Top of Records for the task

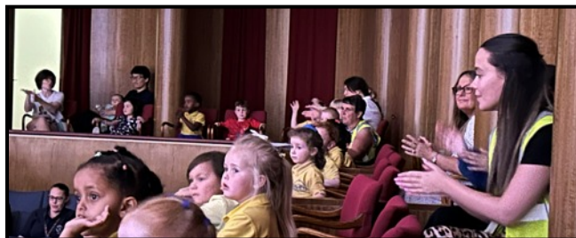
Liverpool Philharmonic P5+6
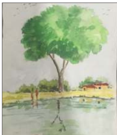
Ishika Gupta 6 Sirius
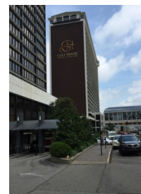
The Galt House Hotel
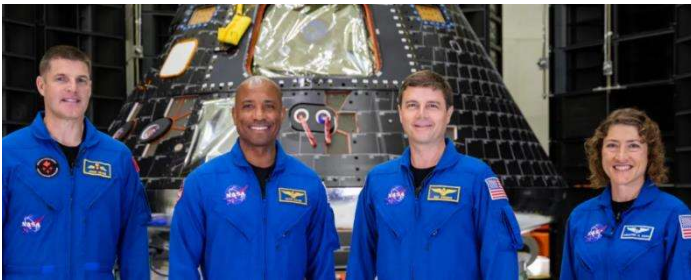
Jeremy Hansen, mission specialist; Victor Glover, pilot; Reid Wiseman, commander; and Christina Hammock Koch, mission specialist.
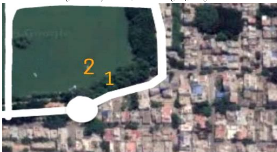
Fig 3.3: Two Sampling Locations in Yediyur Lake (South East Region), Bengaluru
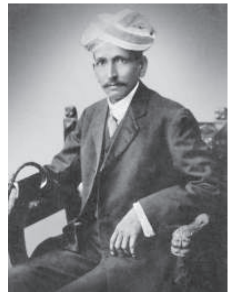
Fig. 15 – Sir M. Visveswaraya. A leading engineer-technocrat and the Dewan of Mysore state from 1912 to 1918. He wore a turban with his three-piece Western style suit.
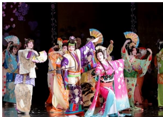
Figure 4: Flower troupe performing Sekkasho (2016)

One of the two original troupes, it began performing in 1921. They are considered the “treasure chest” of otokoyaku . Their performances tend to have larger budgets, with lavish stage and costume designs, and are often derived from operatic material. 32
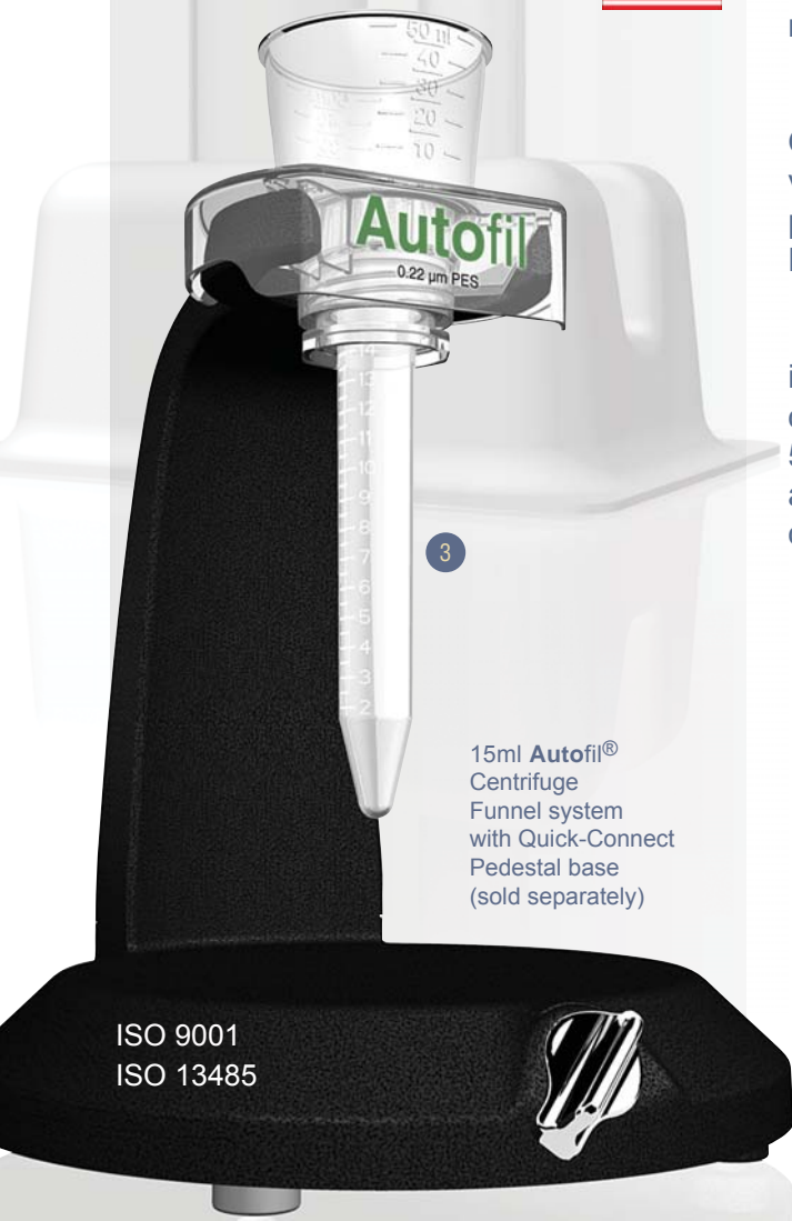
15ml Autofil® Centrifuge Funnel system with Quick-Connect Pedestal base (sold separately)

Bottom of Records for the task

- Exercise description
Begin with the line holding "One of the two" and end with the last line of the listing. Reproduce each of those lines exactly, and leave every picture out.

- Result for this task
One of the two original troupes, it began performing in 1921. They are considered the “treasure chest” of otokoyaku . Their performances tend to have larger budgets, with lavish stage and costume designs, and are often derived from operatic material. 32
15ml Autofil® Centrifuge Funnel system with Quick-Connect Pedestal base (sold separately)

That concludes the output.